**Action item**:
Wherever the word "locations" occurs in the listing below, copy that whole line.

**Records for the task**:
• • • • • • •
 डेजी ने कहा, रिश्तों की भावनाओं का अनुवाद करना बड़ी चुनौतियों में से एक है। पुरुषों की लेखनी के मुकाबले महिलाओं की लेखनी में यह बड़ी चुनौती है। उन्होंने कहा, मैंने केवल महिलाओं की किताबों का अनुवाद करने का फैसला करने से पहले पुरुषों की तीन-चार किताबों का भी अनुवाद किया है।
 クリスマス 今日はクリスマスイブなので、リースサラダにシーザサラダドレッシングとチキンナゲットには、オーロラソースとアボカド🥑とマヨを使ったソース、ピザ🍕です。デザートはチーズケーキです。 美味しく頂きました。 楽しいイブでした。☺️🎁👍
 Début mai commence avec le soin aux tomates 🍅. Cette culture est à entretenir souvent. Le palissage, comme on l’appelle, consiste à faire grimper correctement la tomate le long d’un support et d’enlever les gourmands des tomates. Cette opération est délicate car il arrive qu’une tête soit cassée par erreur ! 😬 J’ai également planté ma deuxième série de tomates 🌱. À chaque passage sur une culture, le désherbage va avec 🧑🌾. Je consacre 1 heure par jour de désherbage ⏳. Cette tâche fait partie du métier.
• • • • • • •
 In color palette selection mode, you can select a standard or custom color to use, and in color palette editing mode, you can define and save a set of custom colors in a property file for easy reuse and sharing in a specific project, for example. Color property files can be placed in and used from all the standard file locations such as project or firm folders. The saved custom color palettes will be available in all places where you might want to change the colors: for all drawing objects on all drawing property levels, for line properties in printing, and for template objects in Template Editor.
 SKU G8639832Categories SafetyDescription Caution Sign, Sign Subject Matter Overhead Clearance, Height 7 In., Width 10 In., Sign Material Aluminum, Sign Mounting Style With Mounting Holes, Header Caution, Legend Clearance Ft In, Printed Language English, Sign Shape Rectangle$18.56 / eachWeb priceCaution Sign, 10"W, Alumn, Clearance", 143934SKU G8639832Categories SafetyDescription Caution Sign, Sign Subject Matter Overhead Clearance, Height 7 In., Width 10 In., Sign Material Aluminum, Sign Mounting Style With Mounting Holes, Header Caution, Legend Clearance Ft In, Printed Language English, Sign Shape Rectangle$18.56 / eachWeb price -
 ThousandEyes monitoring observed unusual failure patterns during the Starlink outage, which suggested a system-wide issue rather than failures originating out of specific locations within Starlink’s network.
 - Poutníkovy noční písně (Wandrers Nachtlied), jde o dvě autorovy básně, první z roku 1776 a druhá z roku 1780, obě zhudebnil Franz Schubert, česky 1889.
• • • • • • •
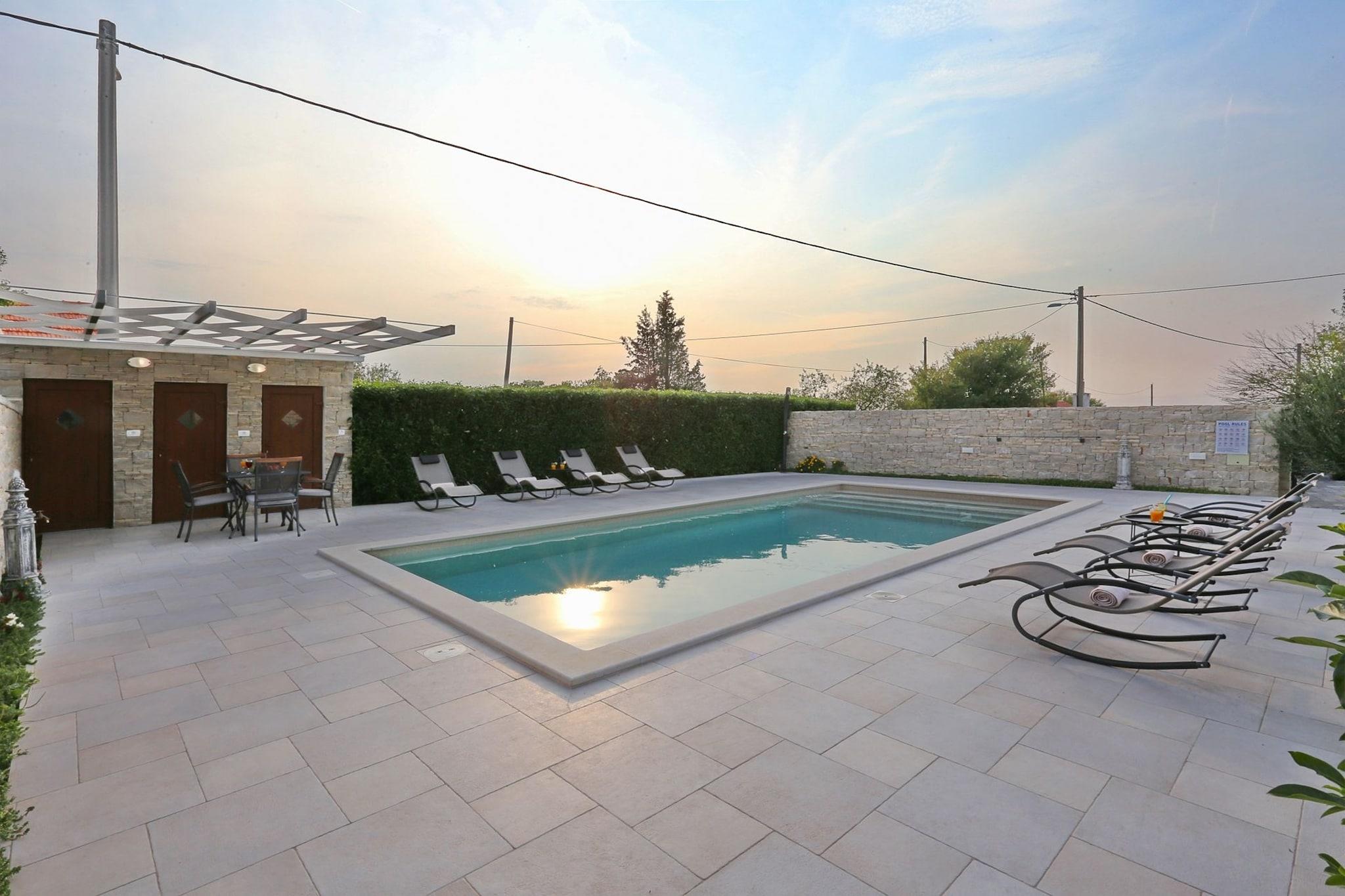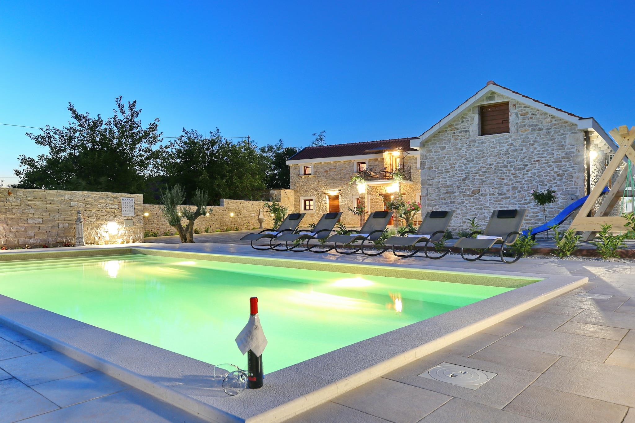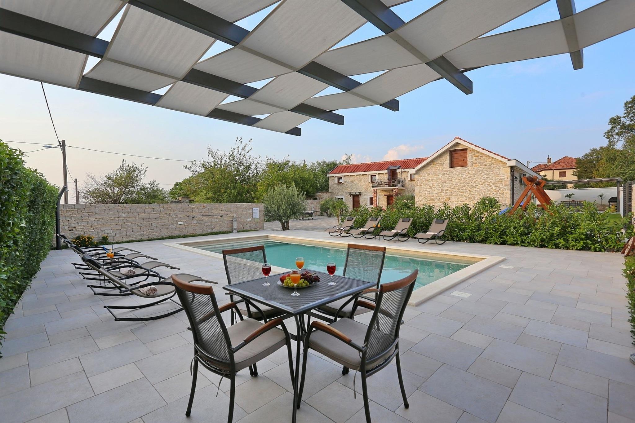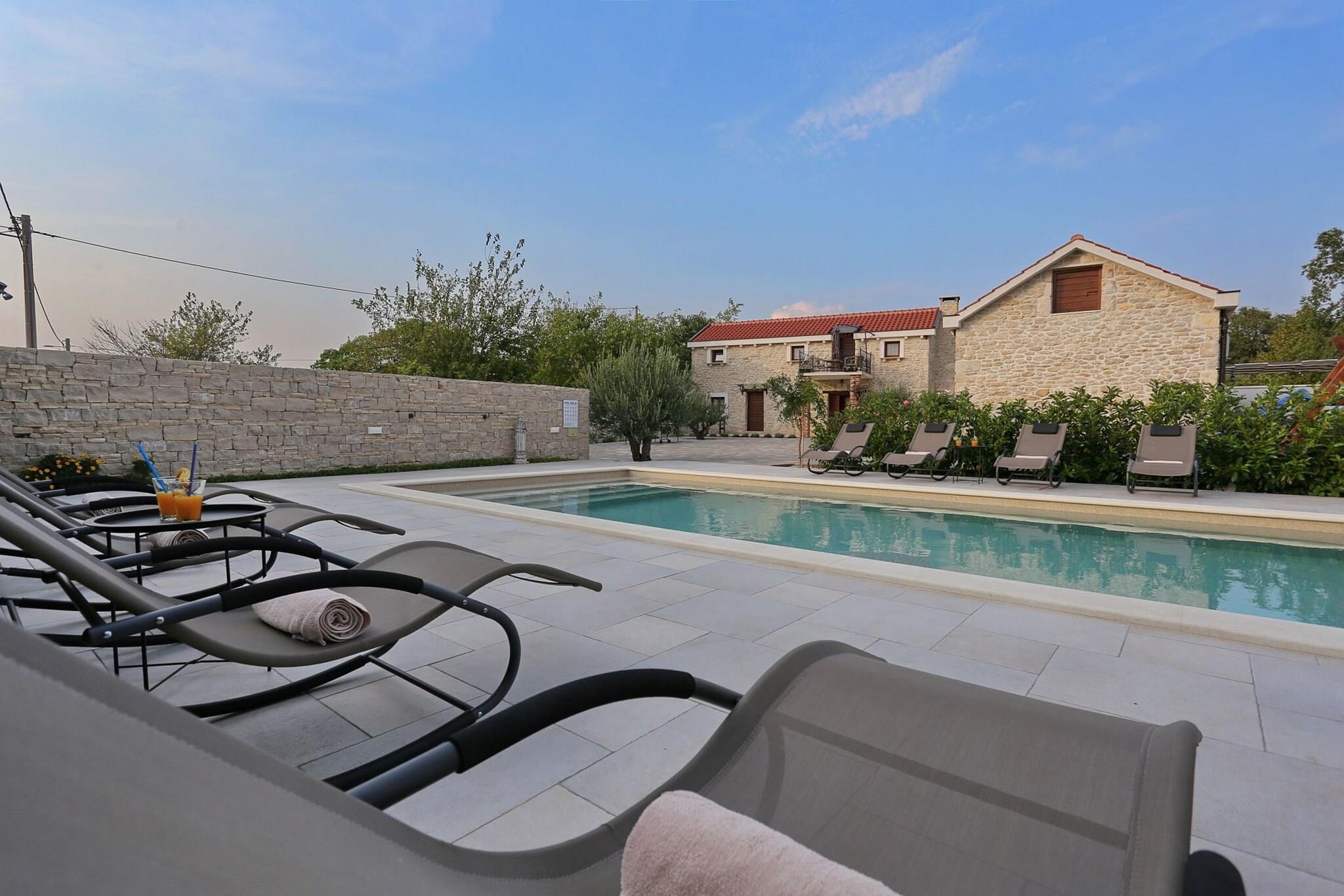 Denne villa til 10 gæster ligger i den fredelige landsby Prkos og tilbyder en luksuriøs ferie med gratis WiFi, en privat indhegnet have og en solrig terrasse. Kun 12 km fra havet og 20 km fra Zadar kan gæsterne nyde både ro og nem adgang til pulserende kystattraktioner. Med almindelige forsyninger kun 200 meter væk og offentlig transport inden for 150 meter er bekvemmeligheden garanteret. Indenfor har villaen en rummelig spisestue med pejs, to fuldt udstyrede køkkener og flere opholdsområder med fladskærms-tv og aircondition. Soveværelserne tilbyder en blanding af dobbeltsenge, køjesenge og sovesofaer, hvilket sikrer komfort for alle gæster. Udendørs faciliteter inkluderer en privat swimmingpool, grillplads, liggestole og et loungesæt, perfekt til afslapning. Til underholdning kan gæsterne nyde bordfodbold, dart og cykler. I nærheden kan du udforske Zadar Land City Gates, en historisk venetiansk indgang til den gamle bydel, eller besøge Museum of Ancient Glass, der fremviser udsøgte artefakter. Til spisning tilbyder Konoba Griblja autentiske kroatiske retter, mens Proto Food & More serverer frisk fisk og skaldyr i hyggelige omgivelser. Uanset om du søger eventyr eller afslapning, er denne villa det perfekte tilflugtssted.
• • • • • • •
**Solution**:
 In color palette selection mode, you can select a standard or custom color to use, and in color palette editing mode, you can define and save a set of custom colors in a property file for easy reuse and sharing in a specific project, for example. Color property files can be placed in and used from all the standard file locations such as project or firm folders. The saved custom color palettes will be available in all places where you might want to change the colors: for all drawing objects on all drawing property levels, for line properties in printing, and for template objects in Template Editor.
 ThousandEyes monitoring observed unusual failure patterns during the Starlink outage, which suggested a system-wide issue rather than failures originating out of specific locations within Starlink’s network.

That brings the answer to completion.